Exercise data Block Start

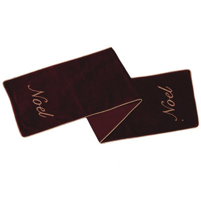 Create an accountDoes your dining room tablecloth feel like it's missing something for Christmas dinner? This table runner is the perfect addition to any festive tablescape! It's made in India from velvet in an elegant burgundy hue and is fully lined with cotton fabric. This runner is piped with golden thread and features the word "Noel" in golden script at each end for a subtle touch. We recommend hand-washing this table runner when it needs a refresh.
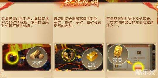 矿洞秘境融合了PK与采集的玩法,场景内存在金、银、铁、木、矿石等资源,玩家可以进行采集,这里最好的资源为金,最差的为木,金可以进行帮会建设或换取帮贡,而其他资源,只能换取帮贡,无法用其进行帮会建设。
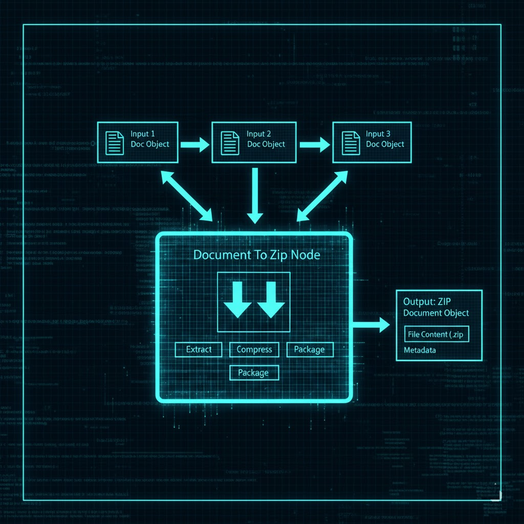 Only the resulting zipDocumentId is surfaced to downstream nodes; raw file paths are never exposed.
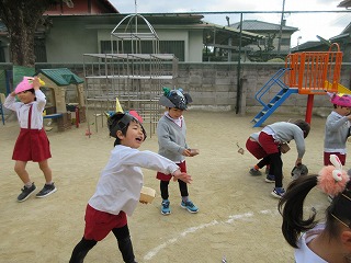必死に鬼をめがけて、鬼は~外!福は~内!鬼退治の開始です!
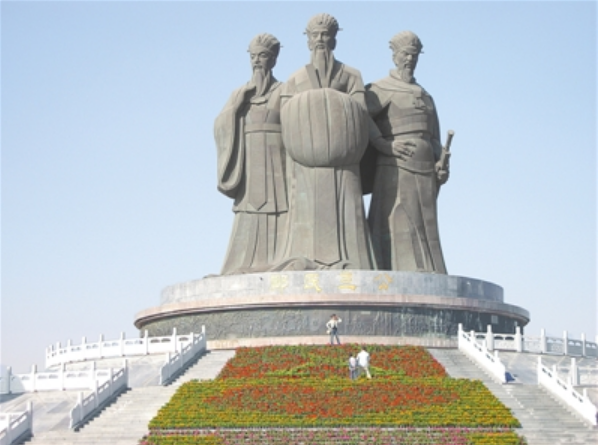 成功广场位于荥阳市城东南檀山、郑上路与310国道交会处三角地带,矗立在这里的郑氏三公像格外引人注目,三公脚下铭刻的郑氏三公碑文,诉说着春战国时代郑人的智慧和曾经的辉煌,周围像连环画一样串联了二十八组人物故事,各朝代郑姓历史名人位列其中,光辉形象浮雕其上。
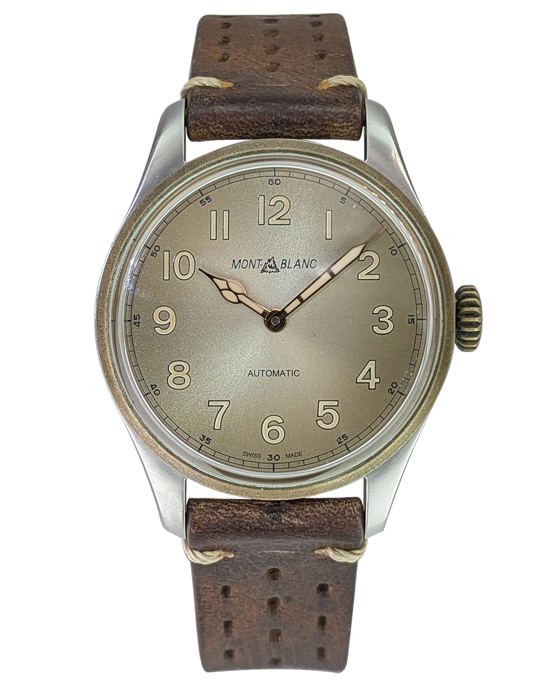 Montblanc 1858 40mm SS/Bronze Bezel Champagne Number Dial Leather Strap Auto Men Watch
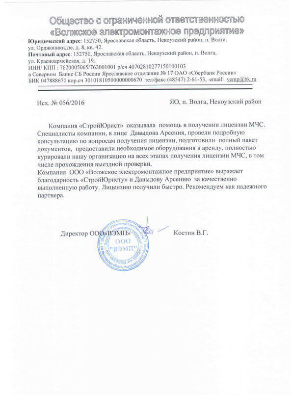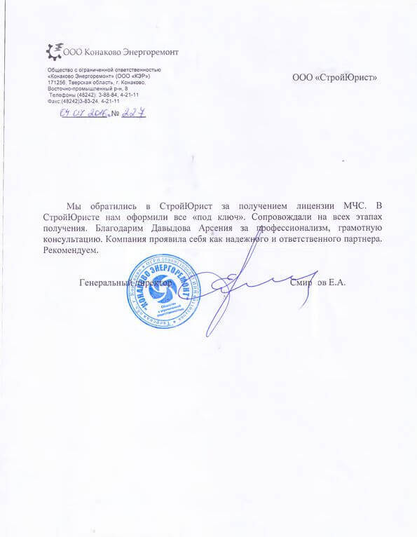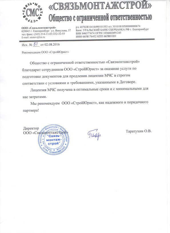 Отзывы клиентов "СтройЮрист" по лицензированию МЧС в Щелково
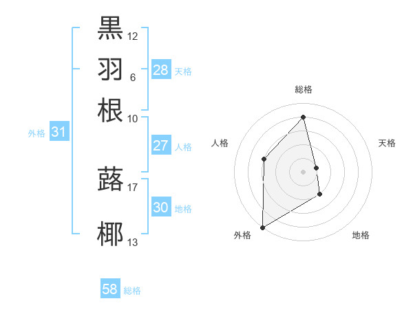 黒羽根 蕗椰さんを姓名の画数から五運を鑑定
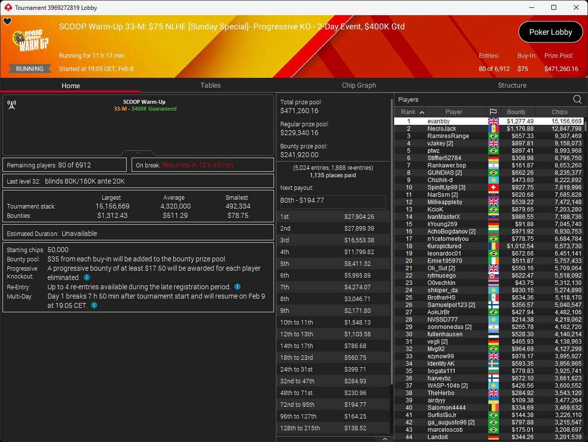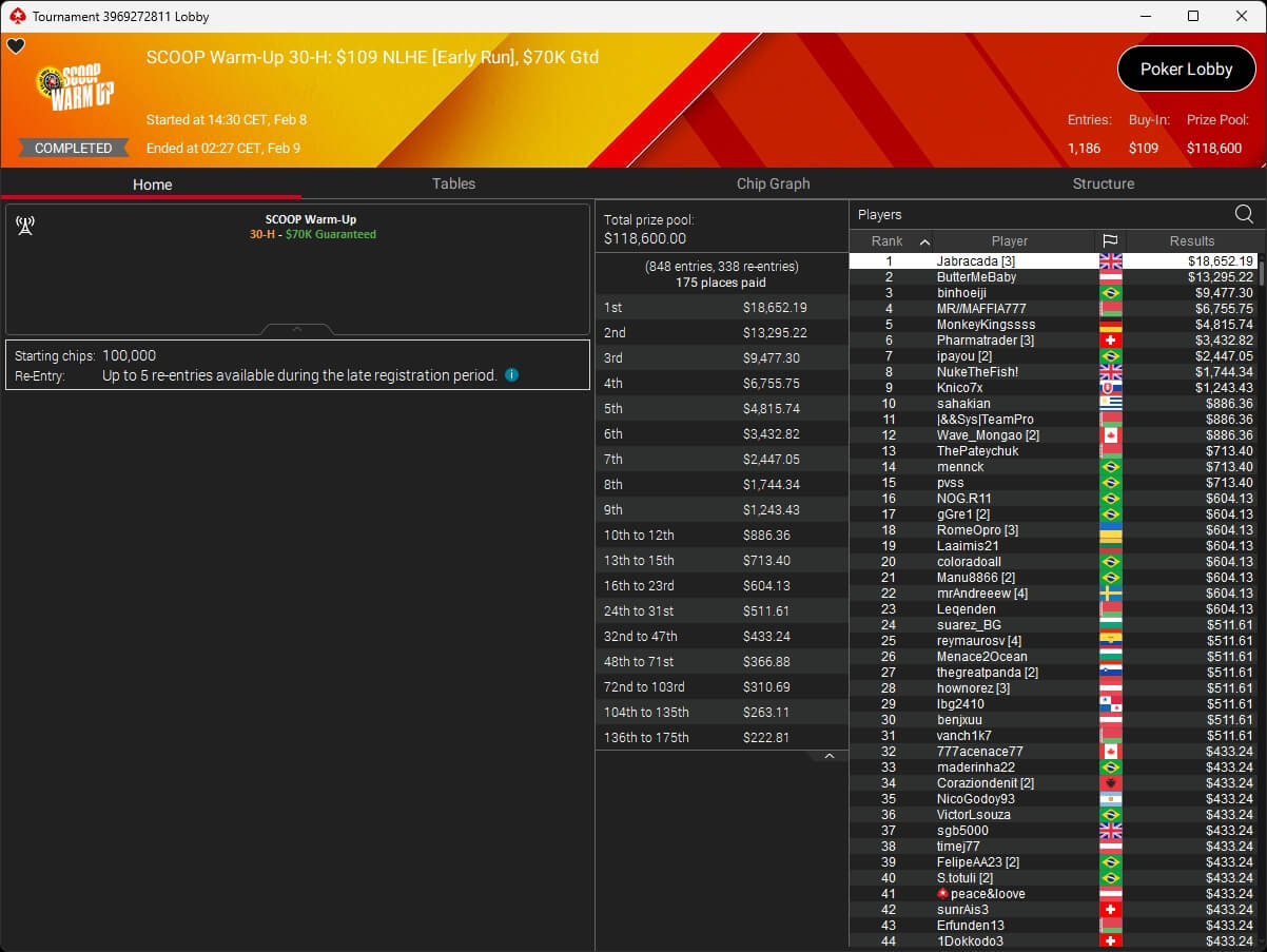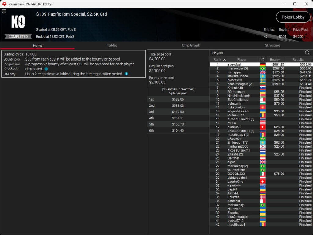 Im $109 Early Run musste sich ButterMeBaby (2./$13.295,22) nur Poker-Pro Tom „jabracada“ Hall ($18.652,19) geschlagen geben. Bei den Side Events schlugen noch speedyql ($588,06 + $681,25; $109 Pacific Rim Special) und CetinCoban ($1.704,47 + $2.062,50; $320 Bounty Builder HR Late Edition) zu.
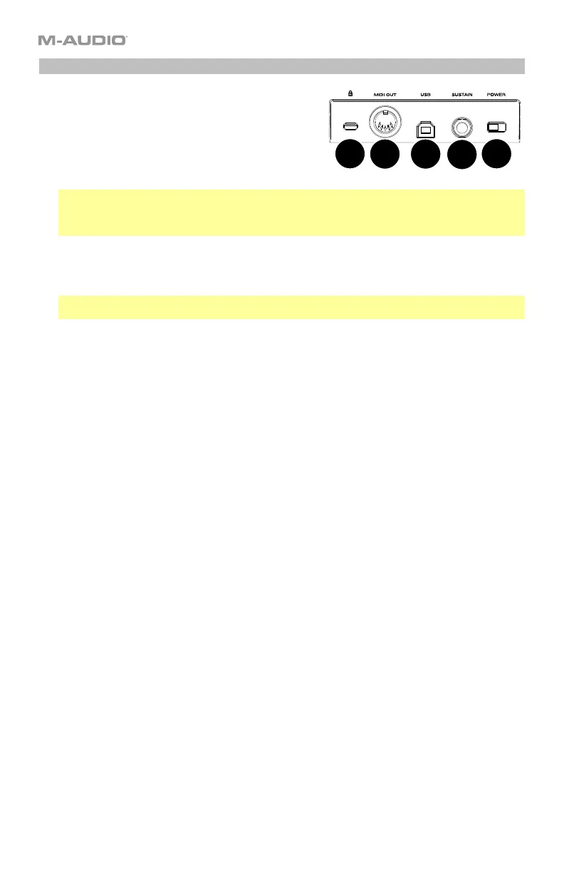 4. MIDI Out: Use a standard 5-pin MIDI cable to connect this port to a hardware synth or other MIDI
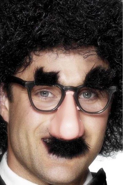 De ideale vermomming! Een flinke neus met bril, wenkbrauwen en snor. Een gouwe ouwe!

Exercise data Block End

● **Work required**
Your task is to copy the entries in full and exactly, without any images.

● **Solution to this problem**
 Create an accountDoes your dining room tablecloth feel like it's missing something for Christmas dinner? This table runner is the perfect addition to any festive tablescape! It's made in India from velvet in an elegant burgundy hue and is fully lined with cotton fabric. This runner is piped with golden thread and features the word "Noel" in golden script at each end for a subtle touch. We recommend hand-washing this table runner when it needs a refresh.
 矿洞秘境融合了PK与采集的玩法,场景内存在金、银、铁、木、矿石等资源,玩家可以进行采集,这里最好的资源为金,最差的为木,金可以进行帮会建设或换取帮贡,而其他资源,只能换取帮贡,无法用其进行帮会建设。
 Only the resulting zipDocumentId is surfaced to downstream nodes; raw file paths are never exposed.
必死に鬼をめがけて、鬼は~外!福は~内!鬼退治の開始です!
 成功广场位于荥阳市城东南檀山、郑上路与310国道交会处三角地带,矗立在这里的郑氏三公像格外引人注目,三公脚下铭刻的郑氏三公碑文,诉说着春战国时代郑人的智慧和曾经的辉煌,周围像连环画一样串联了二十八组人物故事,各朝代郑姓历史名人位列其中,光辉形象浮雕其上。
 Montblanc 1858 40mm SS/Bronze Bezel Champagne Number Dial Leather Strap Auto Men Watch
 Отзывы клиентов "СтройЮрист" по лицензированию МЧС в Щелково
 黒羽根 蕗椰さんを姓名の画数から五運を鑑定
 Im $109 Early Run musste sich ButterMeBaby (2./$13.295,22) nur Poker-Pro Tom „jabracada“ Hall ($18.652,19) geschlagen geben. Bei den Side Events schlugen noch speedyql ($588,06 + $681,25; $109 Pacific Rim Special) und CetinCoban ($1.704,47 + $2.062,50; $320 Bounty Builder HR Late Edition) zu.
 4. MIDI Out: Use a standard 5-pin MIDI cable to connect this port to a hardware synth or other MIDI
 De ideale vermomming! Een flinke neus met bril, wenkbrauwen en snor. Een gouwe ouwe!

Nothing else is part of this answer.